Toutes ces dernières années, la cherté du prix de l’essence a été un leitmotiv tant chez les syndicalistes des dernières colonies que chez certains politiques, notamment Victorin Lurel lorsqu’il était ministre des Outremers.
Un observateur extérieur eut juré qu’il s’agissait là du problème le plus important, le plus grave, qui affecte nos pays. Divisez par deux le prix du litre d’essence et hop ! tous nos problèmes économiques seraient résolus. Fini le chômage massif, surtout des jeunes ! Fini la fermeture régulière d’entreprises ! Fini la délinquance et le trafic de drogue ! Fini les méfaits du chlordécone ! etc…Cet observateur extérieur n’aurait toutefois pas manqué, après réflexion, de se demander pourquoi cette fixation sur le prix de l’essence dans des îles qui font au mieux 100kms de long sur 30 ou 40 de large et où donc aucun automobiliste ou camionneur n’a à rouler des journées entières avant d’arriver à destination. Poussant sa réflexion un peu plus avant, le même observateur eut pu se demander pourquoi aucun syndicaliste ni politique n’a proposé de plan de réduction de la circulation automobile soit par le développement des transports en commun soit par celui du covoiturage soit encore, comme cela se fait dans des pays comparables aux nôtres tels que Barbade ou Singapour, par la circulation alternée. D’autant que l’effroyable circulation automobile dans nos îles non seulement entraîne une consommation d’essence toute aussi effrayante, ce qui n’est pas bon du tout pour notre balance commerciale, mais ne profite qu’aux concessionnaires automobiles pratiquement tous…békés, ceux-là mêmes que prétendent combattre à corps et à cris nos mêmes syndicalistes. Sans compter tous les problèmes de pollution de l’air que cela entraîne.

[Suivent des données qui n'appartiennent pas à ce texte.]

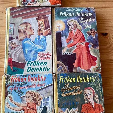8 stk bøker Fröken Detektiv og 4 stk Detektiv Nancy Drew selges.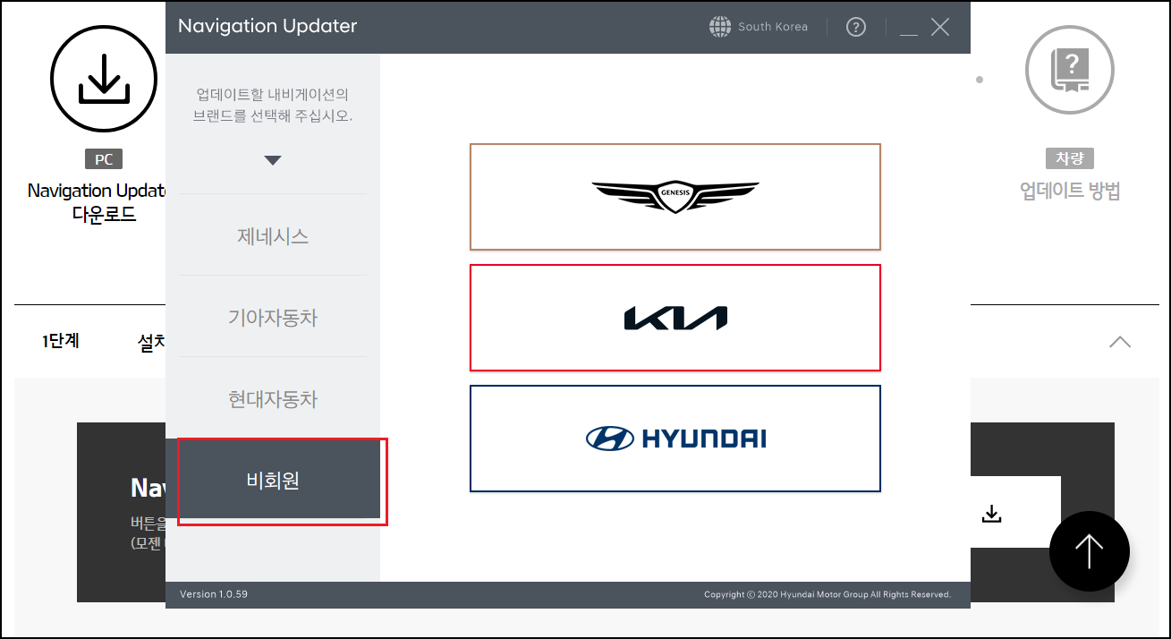 설치 후 프로그램을 실행하면 회원인 경우 제네시스, 기아, 현대에 맞게 로그인하시면 되고 귀찮으시다면 "비회원"으로 선택 후 여러분 차 제조사를 선택해주세요. 저는 기아차 이기에 KIA를 선택해야겠죠?^^

Or, Rue Oudinot et syndicalistes n’ont cessé depuis des années de tonner d’une seule et même voix contre l’affreux pétrolier Total au motif qu’il ferait des profits mirifiques dans nos pays !!! Ces personnes semblent ignorer que la raffinerie de La SARA st une entité minuscule à l’échelle mondiale et qu’elle ne figure même pas dans le classement des petites raffineries tant le tonnage de pétrole qu’elle traite est faible. Il ne s’agit pas de nier que Total s’engraisse dans nombre de pays du Tiers-monde au point d’être quasiment un état dans l’état dans certains d’entre eux et même en France quand on y regarde bien, mais prétendre qu’il s’enrichit grâce à la minuscule SARA relève de l’absurdité la plus complète. C’est comme si on disait qu’Hollywood s’enrichit grâce au complexe cinématographique de Madiana!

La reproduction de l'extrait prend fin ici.